Total 98 patients were studied and their characteristics are given in [Table 2]. Two patients from the test arm and one patient from control arm discontinued treatment midway due to unknown reasons. One patient in the control arm required hospital admission and parenteral support. Other adverse effects viz. renal, hematological, hepatic and dermatological toxicities were comparable in both arms. Most of the cases of acute radiation-induced diarrhea (ARID) occurred from third week of radiation onwards in both the arms.{Table 2}

[Table 3] and [Figure 1] describe the grades of lower gastrointestinal toxicities in two arms. The incidence of overall (Grade I-IV) lower gastrointestinal toxicity was 44.68% (21/47) in treatment arm and 75% (36/48) in control arm which was statistically significant (P = 0.0025). It is seen that incidence of Grade II or more lower gastrointestinal toxicity was 19.14% (09/47) in treatment arm and 41.66% (20/48) in control arm (P = 0.017). No Grade IV toxicity was found in study arm.{Figure 1}{Table 3}

Discussion

Pelvic radiotherapy is often associated with ARID which mainly starts around 3 rd week of radiation. Radiation causes irritation and inflammation of gastrointestinal tract. There is excess production of prostaglandin, thromboxane, and leukotriene. They also affect water and electrolyte absorption and contractility of the gut. The excess production of prostaglandin as a cause of diarrhea during pelvic radiation was postulated by Mennie et al. [10]

One study by Resbeut et al., [6] showed that mesalazine (5-aminosalicylic acid) is ineffective to reduce the rate of radiation-induced diarrhea. Another study by Martenson et al., [11] showed worsening of symptoms after using olsalazine. But two studies, one by Rauch et al., [12] and Kilic et al., [13] showed decrease in incidence of ARID after use of sulfasalazine. The different results with different formulations of 5-aminosalicylic acid may be due to difference in drug formulation and also due to difference in side effect profile.

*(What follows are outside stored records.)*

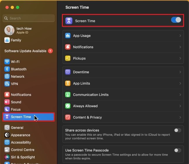 首先,在使用 Mac 時,單擊屏幕左上角的 Apple 圖標,然後選擇系統設置。如果您的設置在 Mac 上看起來有點不同,請確保您運行的是最新的 macOS 版本。接下來,在您的設置中,導航至屏幕時間部分。
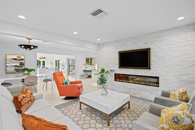 Indulge in a saltwater pool with fireplace, outdoor shower, and magnificent Sylvester Palms. Private dock w' boat lift offers ocean access via Middle River’s single fixed bridge. A two-car garage, indoor laundry, street-gas and updated electric & plumbing. Conveniently located by Whole Foods, Publix & Trader Joe's and minutes to the beach and airport.
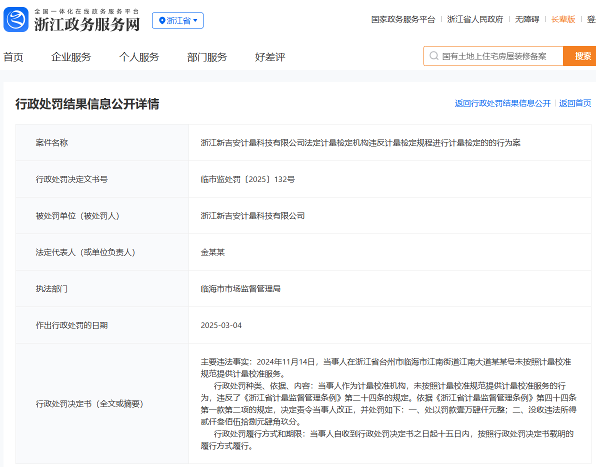 浙江新吉安计量科技有限公司法定计量检定机构违反计量检定规程进行计量检定的的行为案 |
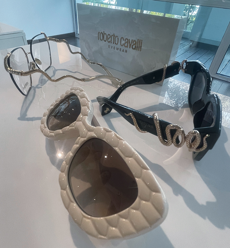 Il simbolo del serpente domina la collezione Serpentine, declinato in versioni preziose come l’edizione speciale The Snake, il motivo effetto quilted snake e lo stile sinuoso delle aste. L’iconografia del brand si esprime anche attraverso il Fang (dente di tigre) e il logo Mirror Snake, enfatizzando il carattere distintivo di Roberto Cavalli.
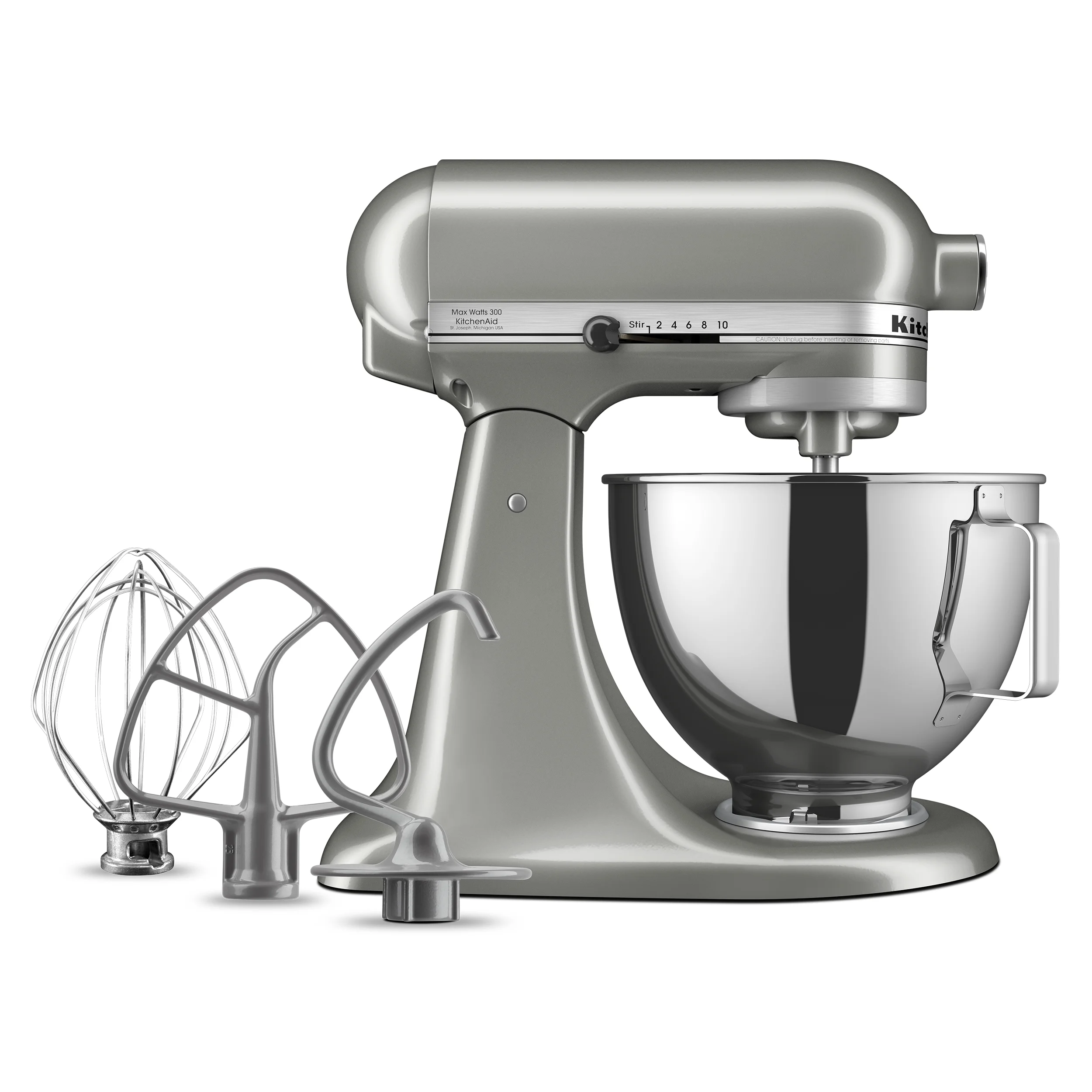 - Model KSM97 includes (1) 4.5 Quart Stainless Steel Bowl with Handle, (1) Coated Flat Beater, (1) Coated Dough Hook, (1) 6-Wire Metal Whip

Mesalazine contains only 5-aminosalicylic acid. There is no carrier molecule. So it may not be effectively deposited in the terminal part of small intestine or the colon. Olsalazine consists of two molecules of 5-aminosalicylic acid coupled by azo bond. This azo bond is split in the colon. So no separate carrier is needed. But it may aggravate diarrhea by inhibiting water and electrolyte absorption in small intestine and also by decreasing transit time through bowel. However, sulfasalazine is a 5-aminosalicylic acid compound with sulfapyridine linked by an azo bond. This sulfapyridine is only a carrier molecule. The azo bond is broken by colonic bacteria by azoreductase releasing the active molecule, that is, 5-aminosalicylic acid. [9],[14] It exerts an anti-inflammatory effect by inhibiting lipooxygenase and cyclooxygenase enzymes, and thus reduces production of prostaglandin and leukotriene and other mediators such as cytokines and platelet activation factor. Besides, scavenging of free radicals has also been attributed to 5-aminosalicylic acid as a proposed mechanism of action. [15]

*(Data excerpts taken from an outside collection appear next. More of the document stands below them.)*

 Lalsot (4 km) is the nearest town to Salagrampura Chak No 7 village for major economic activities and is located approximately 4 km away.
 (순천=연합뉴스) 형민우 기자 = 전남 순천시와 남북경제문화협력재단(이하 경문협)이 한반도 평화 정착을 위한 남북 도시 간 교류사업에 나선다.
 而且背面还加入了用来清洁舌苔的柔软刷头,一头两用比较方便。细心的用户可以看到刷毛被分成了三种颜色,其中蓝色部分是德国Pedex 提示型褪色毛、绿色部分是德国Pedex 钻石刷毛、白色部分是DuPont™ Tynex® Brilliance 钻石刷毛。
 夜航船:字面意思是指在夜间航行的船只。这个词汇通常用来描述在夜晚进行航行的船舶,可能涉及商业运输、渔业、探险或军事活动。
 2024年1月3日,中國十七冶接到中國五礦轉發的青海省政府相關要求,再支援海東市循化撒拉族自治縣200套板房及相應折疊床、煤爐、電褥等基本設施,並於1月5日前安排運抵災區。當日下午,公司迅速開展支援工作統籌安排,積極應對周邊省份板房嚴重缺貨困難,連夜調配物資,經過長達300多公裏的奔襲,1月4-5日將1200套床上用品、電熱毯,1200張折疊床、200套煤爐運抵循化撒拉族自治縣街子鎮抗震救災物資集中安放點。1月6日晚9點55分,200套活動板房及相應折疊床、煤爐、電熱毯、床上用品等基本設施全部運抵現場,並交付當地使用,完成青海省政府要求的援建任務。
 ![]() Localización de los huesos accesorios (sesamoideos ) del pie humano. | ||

These unique properties of sulfasalazine and its differences from other 5-aminosalicylic acid congeners prompted us to choose sulfasalazine in our study to prevent ARID. As ARID mainly results from irritation and inflammation of the gut, we have got promising results by using sulfasalazine to reduce the incidence of the same. Grade II or higher grade diarrhea were significantly less in the sulfasalazine arm and the findings were validated statistically. Sulfasalazine is a cheap and effective method to reduce the incidence of ARID. The patients are on routine follow-up to assess any change in disease response and late toxicity profiles as well.

In conclusion, our analysis reveals that administration of sulfasalazine reduces lower gastrointestinal toxicity of pelvic radiation and concurrent chemotherapy. Further clinical trials with greater number of patients will be of value for investigators who want to reduce treatment toxicity as an endpoint in concurrent pelvic chemoradiotherapy.